For SOX2, SOX17, NANOG, LIN28, and PREF1, a biotinylated rabbit anti-goat secondary antibody was used, and for THY1, a biotinylated goat anti-rabbit antibody was used. After 30 min of incubation with the secondary antibody, the slides were rinsed in PBS. Then, Avidin Biotin Complex solution (ABC, Vectastain ABC Kit, Burlingame, CA, USA, no. PK-6100) was applied for 30 min at room temperature. For CD133, Dako ChemMate Envision HRP rabbit-mouse was applied for 30 min (Dako Envision Kit, Glostrup, Denmark). Slides were again rinsed in PBS, and bound antibody complex was visualized with DAB (3′3′Diaminobenzidine, Dako Envision Kit), which was applied twice for 5 min each, after which the slides were washed with distilled water, dehydrated, counterstained with hematoxylin, and coverslipped using permanent mounting medium. For PREF1 and THY1, the counterstaining was performed by incubating the slides for 13 min at 60 °C with methylgreen (Vector Laboratories, no. H-3402).

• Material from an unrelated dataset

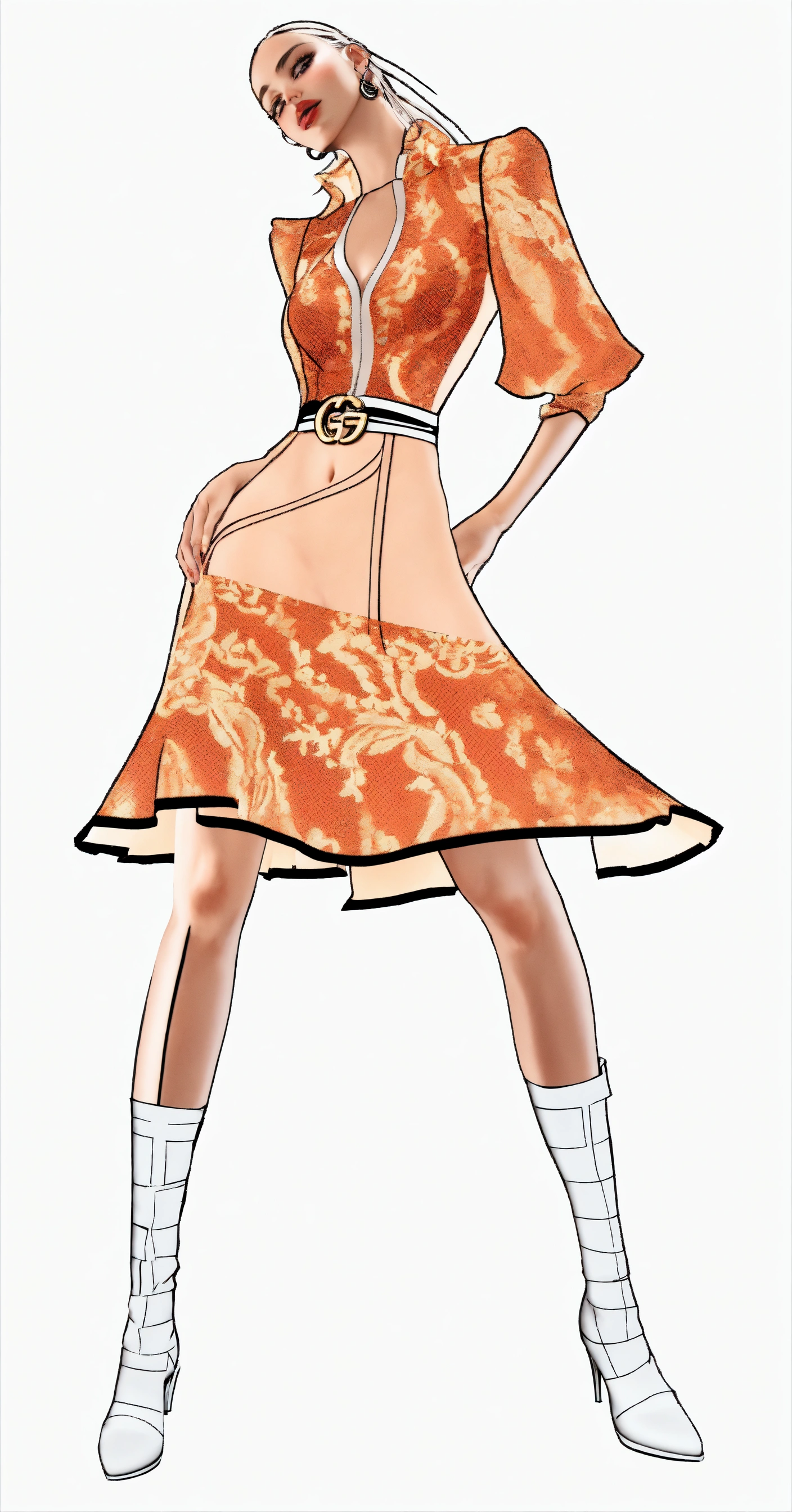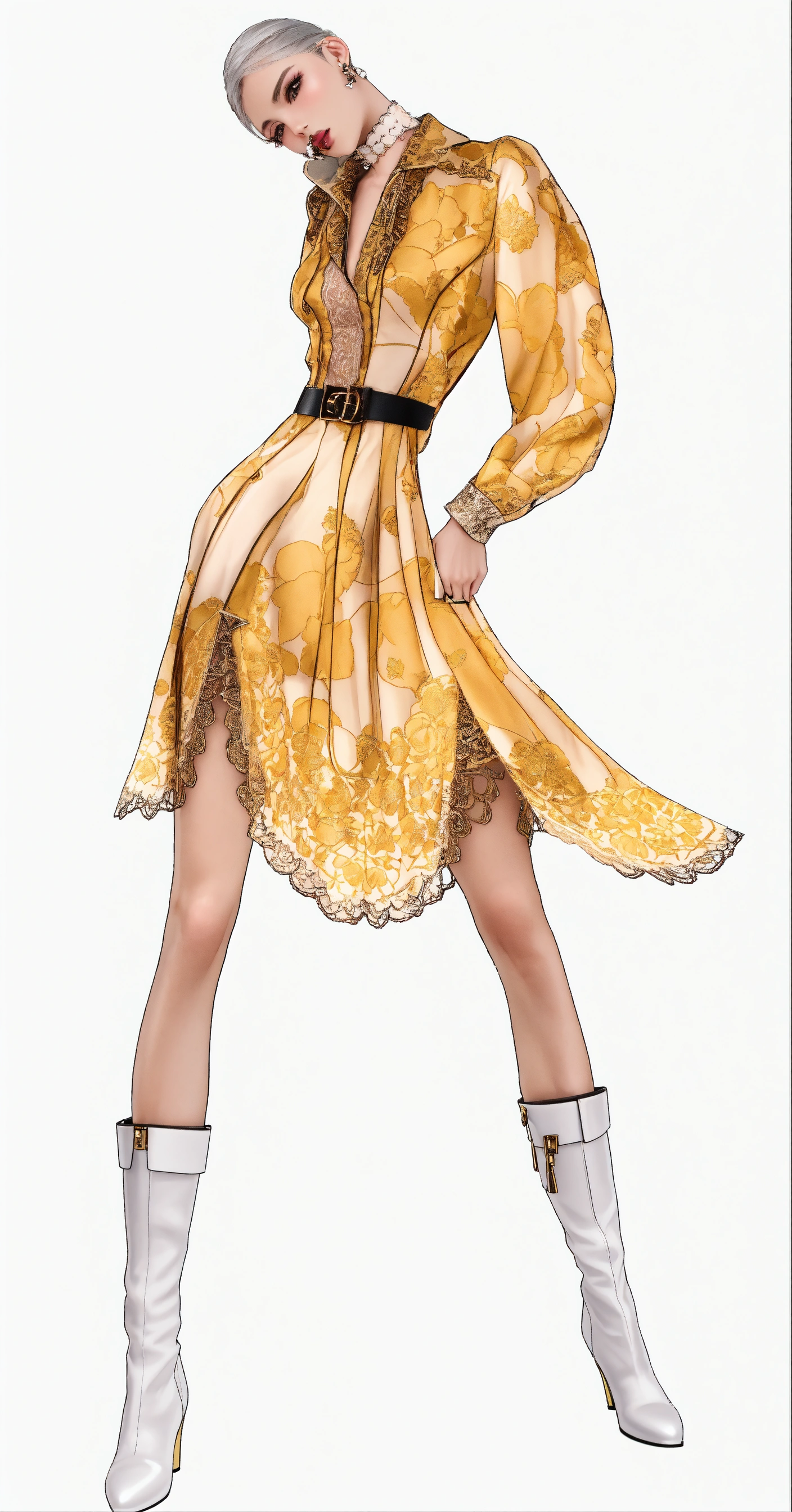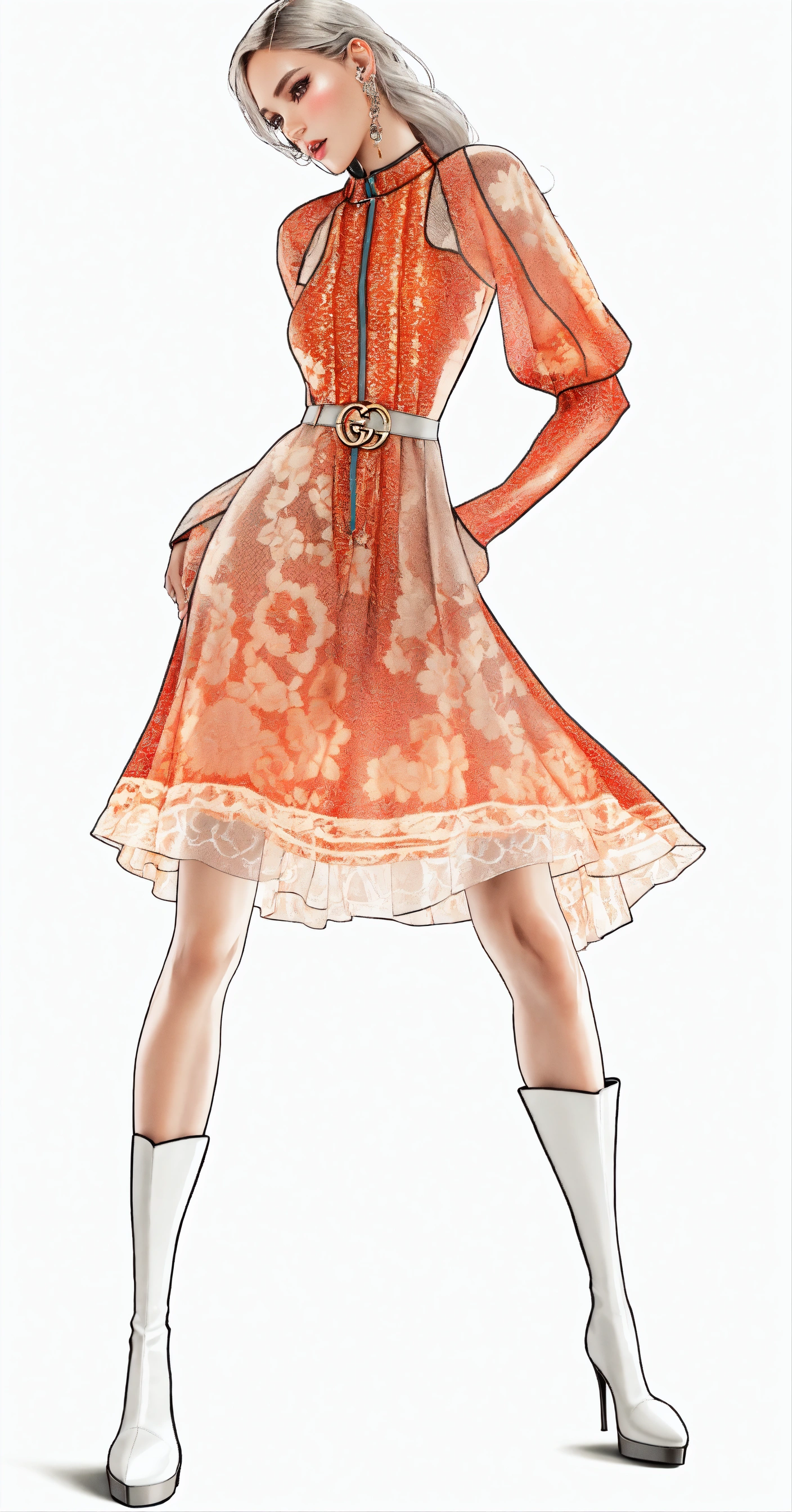 Significant surreal photo, amateur gucci fashion photoshoot of a beautiful charismatic latino woman in 3d, hyperrealistic model in modern lace silk withe color dress, the soft grey leather boots in cityscape in background.

Testicular embryonic carcinoma/CIS was used as a positive control for all of the markers. Normal endothelial cells served as an internal positive control for SOX17 (see Fig. 1), as did human pancreas tissue for CD133.
Staining for CD117, NESTIN, and NGFR was performed with a BenchMark XT automated immunostainer (Ventana Medical Systems, Tucson, AZ, USA). The positive control tissues were human kidney for NESTIN and colon for CD117 and NGFR. In PCCs/PGLs, the fibrovascular network surrounding the tumor cell nests served as an internal positive control for NESTIN and NGFR, whereas mast cells served as an internal positive control for CD117 (see Fig. 1).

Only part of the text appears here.